Adarsh Khalsa’s Practical Method Story

by Ping Wei on 2022/10/14

Vacation Reflections highlight benefits of Tai chi Chen Style Practical Method
Many people come to Tai chi PM with a background of martial arts of various types. Not me; I came for the health and well-being benefits, having never participated in any kind of martial art previously. When I retired, going to the gym became boring after a few months, so I decided to try Tai chi. Recently my teacher listed these benefits for PM:
Cardio
Strength
Balance 
Stability 
Stretching 
Coordination
Flexibility 
Energy/Qi
Inner calmness/Zen
Brain power
Complete fitness—Body and mind
It’s one thing to read the list, another to experience them for yourself. I can say after almost four years that I have experienced all of these. Not all details can be taught by your teacher; you will have self-discoveries relating to your own body. Earlier this year, after months of working on balancing, I realized I had no issue on one side (leg), but the other side was problematic. I spent a whole evening analyzing what was going on for one side vs the other side and finally figured out I was sticking out my left hip in a strange way. It didn’t have anything to do with Tai chi per se, it was the way I had carried myself for years. I had to push that hip in and then everything lined up and I could more easily balance. At first, I really had to concentrate during Yilu to keep that hip pushed in the entire time. It took several more months for it to become a permanent part of my form and a permanent part of my life. To me it was a thrill to stand in a crowded Tube in London, hanging onto the strap and feeling how straight my hip lined up. I’m 70 now, but I believe this will help with my stance and gait as I age. If I hadn’t noticed this while doing Tai chi, it is likely I would have never really focused on it.

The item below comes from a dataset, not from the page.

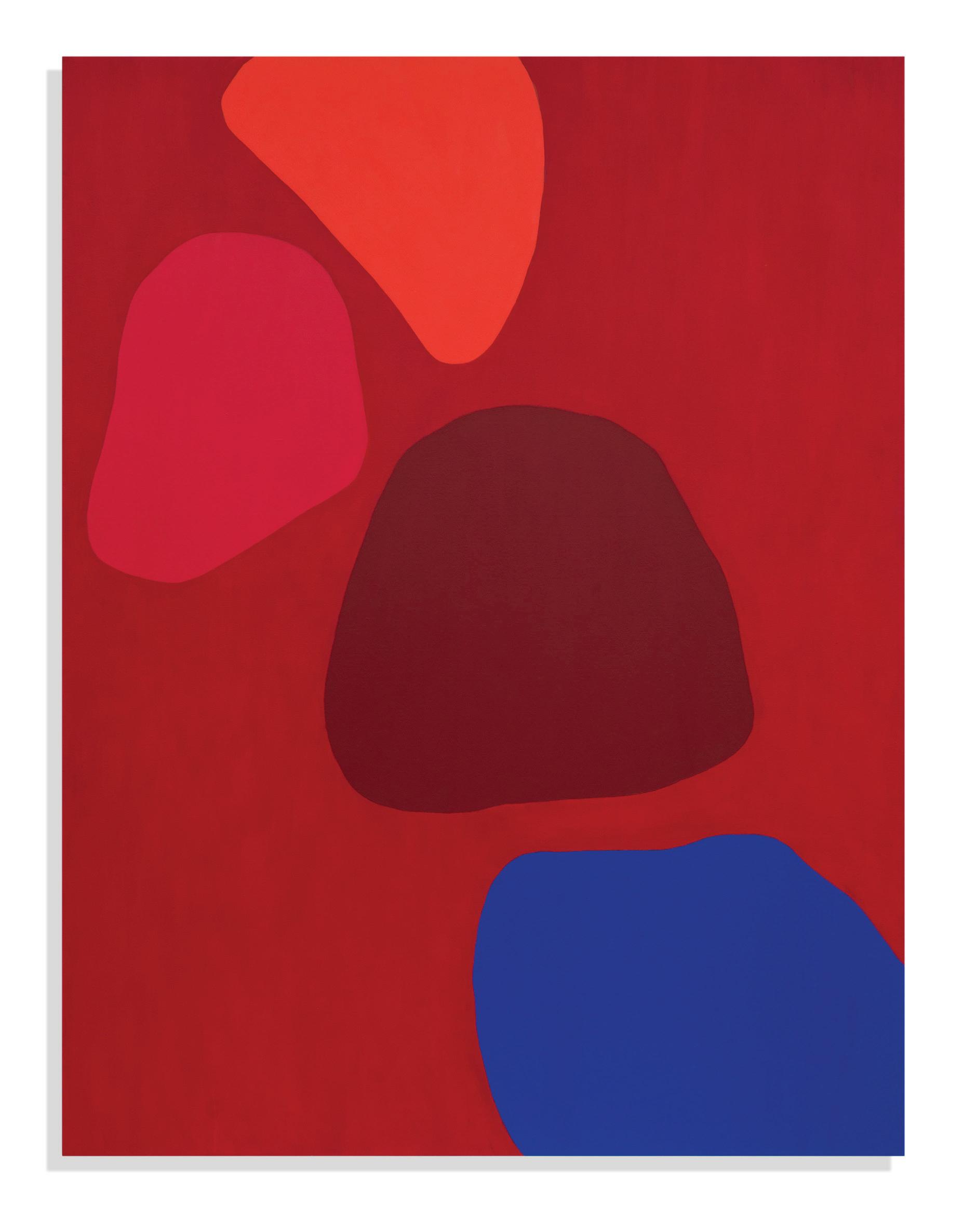 This exhibition by Germana Monte-Mór brings together a series of new works produced in the last three years. These are paintings of different dimensions characterized by the use of solid colors, juxtaposed and deriving the organic forms so characteristic of the artist‘s imagery. The painting plane gains depth in these works from the creation of boundaries between the forms through the application of pigments or asphalt on the fabric – a technique es pecially well developed by the artist – or even through incisions made on the canvas.

Balance and stability jumped to the fore twice on my trip. Entering a bodega to pay for a couple of apples, I tripped over a slight lip in the doorway. My feet bobbled for a few seconds but my upper body remained perfectly still and upright as I moved forward. A similar situation occurred where there was one more little step going down than I realized. I went down further than I was expecting, but ended up standing in place as if nothing had happened. (there’s a lot of steps in getting around London!)
On another note, Tai chi PM is my only daily exercise and it provides stamina too as I usually clocked about 6-7 miles a day while in London.
If you’re considering learning Tai chi PM for reasons similar to mine, don’t hesitate to give it a try and prove it to yourself. It’s a great journey. Changes are not instantaneous by any means and you must be willing to put in the work, but the rewards are worth it.